◆ **What is expected**: Produce a character-for-character copy of the data below.

Saved entries
▬▬▬▬▬▬▬▬▬▬

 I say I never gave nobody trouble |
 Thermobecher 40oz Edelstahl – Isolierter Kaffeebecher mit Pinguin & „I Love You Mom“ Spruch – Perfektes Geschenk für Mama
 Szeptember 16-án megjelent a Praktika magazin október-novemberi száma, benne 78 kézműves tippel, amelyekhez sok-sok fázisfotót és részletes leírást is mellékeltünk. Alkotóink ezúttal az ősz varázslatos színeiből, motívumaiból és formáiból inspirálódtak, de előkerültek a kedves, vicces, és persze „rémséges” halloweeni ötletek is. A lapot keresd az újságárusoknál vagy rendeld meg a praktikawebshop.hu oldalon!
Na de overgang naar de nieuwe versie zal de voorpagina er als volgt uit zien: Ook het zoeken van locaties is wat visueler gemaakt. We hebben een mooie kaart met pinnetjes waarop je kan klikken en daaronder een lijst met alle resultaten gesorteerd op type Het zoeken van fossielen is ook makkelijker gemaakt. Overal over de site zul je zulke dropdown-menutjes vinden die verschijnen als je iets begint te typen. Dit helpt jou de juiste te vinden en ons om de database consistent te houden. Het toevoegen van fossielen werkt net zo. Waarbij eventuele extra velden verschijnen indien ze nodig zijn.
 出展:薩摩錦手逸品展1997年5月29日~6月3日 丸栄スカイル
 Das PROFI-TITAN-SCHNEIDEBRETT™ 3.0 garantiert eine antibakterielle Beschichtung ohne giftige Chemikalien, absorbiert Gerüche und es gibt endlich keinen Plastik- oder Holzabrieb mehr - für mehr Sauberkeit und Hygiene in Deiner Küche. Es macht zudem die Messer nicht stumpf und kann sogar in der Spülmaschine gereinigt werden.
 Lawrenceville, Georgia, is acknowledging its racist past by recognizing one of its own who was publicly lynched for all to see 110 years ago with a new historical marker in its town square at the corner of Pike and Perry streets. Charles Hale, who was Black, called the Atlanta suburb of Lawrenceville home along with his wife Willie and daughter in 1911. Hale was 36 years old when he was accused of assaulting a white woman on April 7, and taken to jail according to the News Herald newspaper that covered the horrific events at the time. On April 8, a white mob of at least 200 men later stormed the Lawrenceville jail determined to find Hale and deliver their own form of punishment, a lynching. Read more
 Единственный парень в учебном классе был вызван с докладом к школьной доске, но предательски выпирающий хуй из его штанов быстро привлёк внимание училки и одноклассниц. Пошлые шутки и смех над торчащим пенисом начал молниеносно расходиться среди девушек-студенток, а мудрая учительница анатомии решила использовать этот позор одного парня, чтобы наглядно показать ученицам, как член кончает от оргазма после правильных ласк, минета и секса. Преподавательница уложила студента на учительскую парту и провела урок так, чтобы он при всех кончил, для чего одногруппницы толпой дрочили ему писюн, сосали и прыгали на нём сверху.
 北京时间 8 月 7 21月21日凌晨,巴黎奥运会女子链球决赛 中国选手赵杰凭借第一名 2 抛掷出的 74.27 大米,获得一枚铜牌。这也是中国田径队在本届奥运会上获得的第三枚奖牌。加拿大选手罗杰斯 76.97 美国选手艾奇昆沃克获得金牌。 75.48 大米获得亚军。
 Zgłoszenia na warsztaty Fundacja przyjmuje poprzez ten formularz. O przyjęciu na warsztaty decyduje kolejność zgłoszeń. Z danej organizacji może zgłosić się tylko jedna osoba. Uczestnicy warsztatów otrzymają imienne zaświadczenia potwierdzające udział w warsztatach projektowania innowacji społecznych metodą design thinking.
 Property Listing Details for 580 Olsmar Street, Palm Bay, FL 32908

▬▬▬▬▬▬▬▬▬▬

◆ **Problem solution**:
 I say I never gave nobody trouble |
 Thermobecher 40oz Edelstahl – Isolierter Kaffeebecher mit Pinguin & „I Love You Mom“ Spruch – Perfektes Geschenk für Mama
 Szeptember 16-án megjelent a Praktika magazin október-novemberi száma, benne 78 kézműves tippel, amelyekhez sok-sok fázisfotót és részletes leírást is mellékeltünk. Alkotóink ezúttal az ősz varázslatos színeiből, motívumaiból és formáiból inspirálódtak, de előkerültek a kedves, vicces, és persze „rémséges” halloweeni ötletek is. A lapot keresd az újságárusoknál vagy rendeld meg a praktikawebshop.hu oldalon!
Na de overgang naar de nieuwe versie zal de voorpagina er als volgt uit zien: Ook het zoeken van locaties is wat visueler gemaakt. We hebben een mooie kaart met pinnetjes waarop je kan klikken en daaronder een lijst met alle resultaten gesorteerd op type Het zoeken van fossielen is ook makkelijker gemaakt. Overal over de site zul je zulke dropdown-menutjes vinden die verschijnen als je iets begint te typen. Dit helpt jou de juiste te vinden en ons om de database consistent te houden. Het toevoegen van fossielen werkt net zo. Waarbij eventuele extra velden verschijnen indien ze nodig zijn.
 出展:薩摩錦手逸品展1997年5月29日~6月3日 丸栄スカイル
 Das PROFI-TITAN-SCHNEIDEBRETT™ 3.0 garantiert eine antibakterielle Beschichtung ohne giftige Chemikalien, absorbiert Gerüche und es gibt endlich keinen Plastik- oder Holzabrieb mehr - für mehr Sauberkeit und Hygiene in Deiner Küche. Es macht zudem die Messer nicht stumpf und kann sogar in der Spülmaschine gereinigt werden.
 Lawrenceville, Georgia, is acknowledging its racist past by recognizing one of its own who was publicly lynched for all to see 110 years ago with a new historical marker in its town square at the corner of Pike and Perry streets. Charles Hale, who was Black, called the Atlanta suburb of Lawrenceville home along with his wife Willie and daughter in 1911. Hale was 36 years old when he was accused of assaulting a white woman on April 7, and taken to jail according to the News Herald newspaper that covered the horrific events at the time. On April 8, a white mob of at least 200 men later stormed the Lawrenceville jail determined to find Hale and deliver their own form of punishment, a lynching. Read more
 Единственный парень в учебном классе был вызван с докладом к школьной доске, но предательски выпирающий хуй из его штанов быстро привлёк внимание училки и одноклассниц. Пошлые шутки и смех над торчащим пенисом начал молниеносно расходиться среди девушек-студенток, а мудрая учительница анатомии решила использовать этот позор одного парня, чтобы наглядно показать ученицам, как член кончает от оргазма после правильных ласк, минета и секса. Преподавательница уложила студента на учительскую парту и провела урок так, чтобы он при всех кончил, для чего одногруппницы толпой дрочили ему писюн, сосали и прыгали на нём сверху.
 北京时间 8 月 7 21月21日凌晨,巴黎奥运会女子链球决赛 中国选手赵杰凭借第一名 2 抛掷出的 74.27 大米,获得一枚铜牌。这也是中国田径队在本届奥运会上获得的第三枚奖牌。加拿大选手罗杰斯 76.97 美国选手艾奇昆沃克获得金牌。 75.48 大米获得亚军。
 Zgłoszenia na warsztaty Fundacja przyjmuje poprzez ten formularz. O przyjęciu na warsztaty decyduje kolejność zgłoszeń. Z danej organizacji może zgłosić się tylko jedna osoba. Uczestnicy warsztatów otrzymają imienne zaświadczenia potwierdzające udział w warsztatach projektowania innowacji społecznych metodą design thinking.
 Property Listing Details for 580 Olsmar Street, Palm Bay, FL 32908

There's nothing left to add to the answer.